Pretending that I am brave and I can do anything I have in my hands is pretty much easy than fighting with my own mind. I know all my interests and likings are gone but to try and start doing something is far more easy than being alone in the greys of my mood and staring back at the blankness.
I just picked up my pen and camera. I am trying to fill in the colors in my black and white photos. Behind the scene, the real story is disheartening and soul snatching. I am sorry to say but this is the fact of my condition right now. Many a times a thought of ending everything comes to my mind and I am afraid of it. I love my children so much that I can’t even dare to think so. Thus keeping my children in mind I have decided to fight…and believe me writing has helped me a lot.
Some liberties I got and rest I took. And because of it I know there are many like me and there is no shame in opening about the condition. I know my mental illness is not going to leave me but I know it can be controlled. This fact has helped me a lot and all this I found out here on the net, by writing and reading a lot about sufferers like me. Some of their stories made me cry some of them made me strong. Today with all your support and zest for love for my children I am again trying my level best to fight back.
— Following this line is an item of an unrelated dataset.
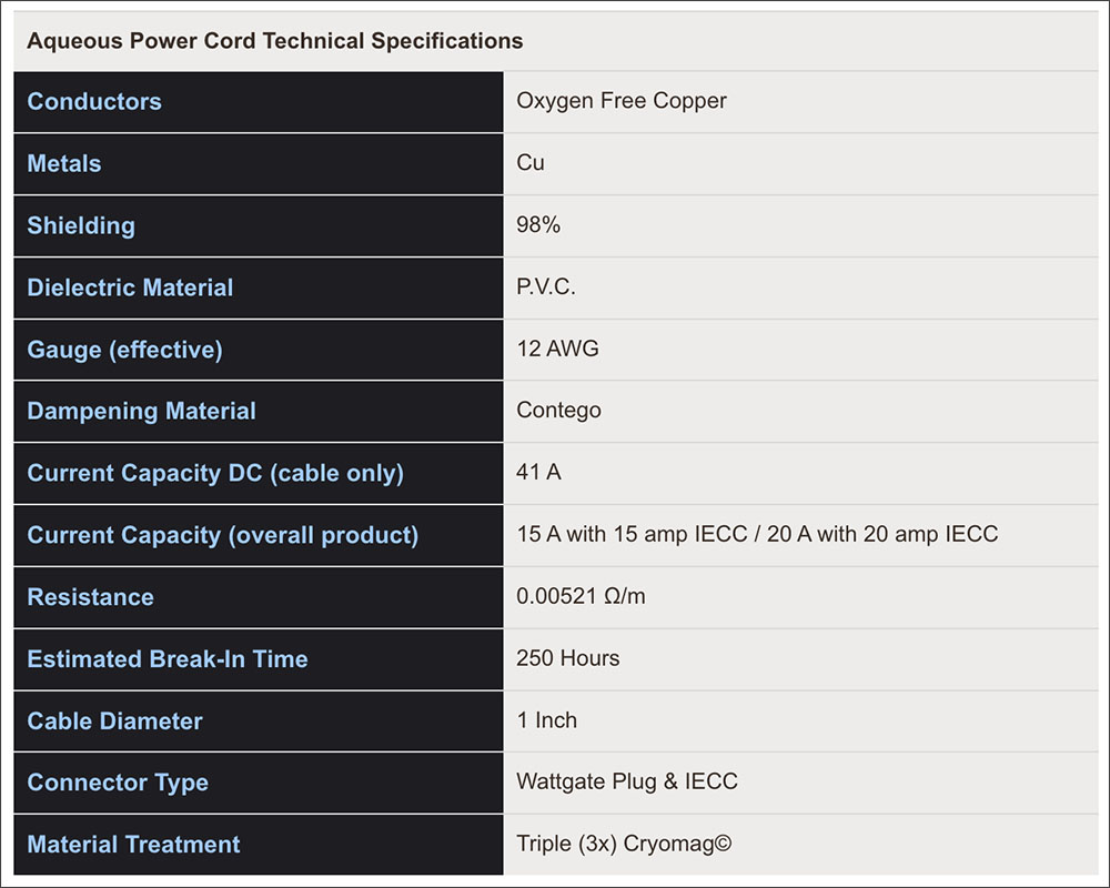 ซึ่งประเด็นที่น่าสนใจสำหรับการปรับปรุงมาถึงระดับ Diamond Revision ก็คือเรื่องของ “คุณภาพเสียง” ที่ได้มาจากการปรังปรุงโลหะตัวนำ บวกกับกระบวนการแช่แข็งแบบพิเศษที่เรียกว่า 3X Cryo ซึ่งช่วยเพิ่มประสิทธิภาพในการส่งผ่านสัญญาณและเพิ่มประสิทธิภาพความเป็นตัวนำของโลหะทองแดง, เงิน และทอง ที่ใช้เป็นส่วนประกอบในการผลิตสายไฟเอซี, สายสัญญาณ, สายลำโพง และสายเชื่อมต่อสัญญาณอื่นๆ ด้วย จากข้อมูลที่ได้รับทราบมาถึงตรงนี้ ทำให้รู้สึกอยากฟังเสียงของสายไฟเอซี Aqueous ตัวนี้ซะแล้ว..!!!

For me every color of life has been washed away with the betrayal of my love but I am trying to rekindle my interest in everything. So that I can let it(the pain) go and be happy. I want to be happy because I am suffocating down here, in the cage of my thoughts. They don’t let me come up, as I try to climb, they pull me down. So after writing, I am picking up one more interest to rekindle…that is Camera. I will take my trail to survive, to next level. I don’t like to give up neither I like to fail. So will keep trying.
I believe that your investments (in any walk of life) never go in vain. Its degree of your faith that gets you the returns in many folds or even loss. So with my fingers crossed and heart in my work, I am starting my new you tube channel, hoping that it will take me one more step closer to my dreams coming true.
Then I wish to speak. I mean when I was studying and we had some program in school I was so afraid of acting or debating on stage. And group discussions were nightmares. But once in grade 8 I was asked to read a school report in front of everyone present as I started the mic went off but in my tension to finish the report I continued to read it loudly so that everyone can listen. I was surprised to know that I was appreciated for that. This incident gave mea boost so one more time and that was the last time I spoke publically, for the class project I had to explain my model. Everyone listened attentively thus my teacher said I had the talent of Gap. So this I want to try in next level.
These all are my tools to fight with my depression. For anxiety I have to master the mind game tools. I am trying meditation, yoga and other mind calming tools. I don’t have mastered the techniques yet but I know it will pay me in the long run. As for panic attacks and sleep paralysis and hallucinations I am searching. If anybody knows something to deal with these two please leave the remedy in my comment section.
I believe every human being has the right to be happy, this is the reason I have no grudge against my hubby and his muse. If they are happy that way let them be. I am happy loving him. As I said universe is very powerful, it will look into the matter and will accordingly justify. So, being happy is what I am destined to be. Thus regaining my true happiness is I am aiming right now. In the eyes of my children I want to be a good mother so that later in their lives they don’t feel bad about me and our relationship. I want them to smile whenever they see me and give me tight hugs. Their sweet chatters and their naughtiness driving me crazy, are what I want to enjoy. I want to feel everything. I want to feel pain, I want to feel love and all this is true happiness for me. For this I am trying my level best to cope with what I am going through.
I don’t know what I am writing but today just wanted to share my inner feelings with you all and ask for some other ways to tackle this. Hope you will understand and give me suggestions.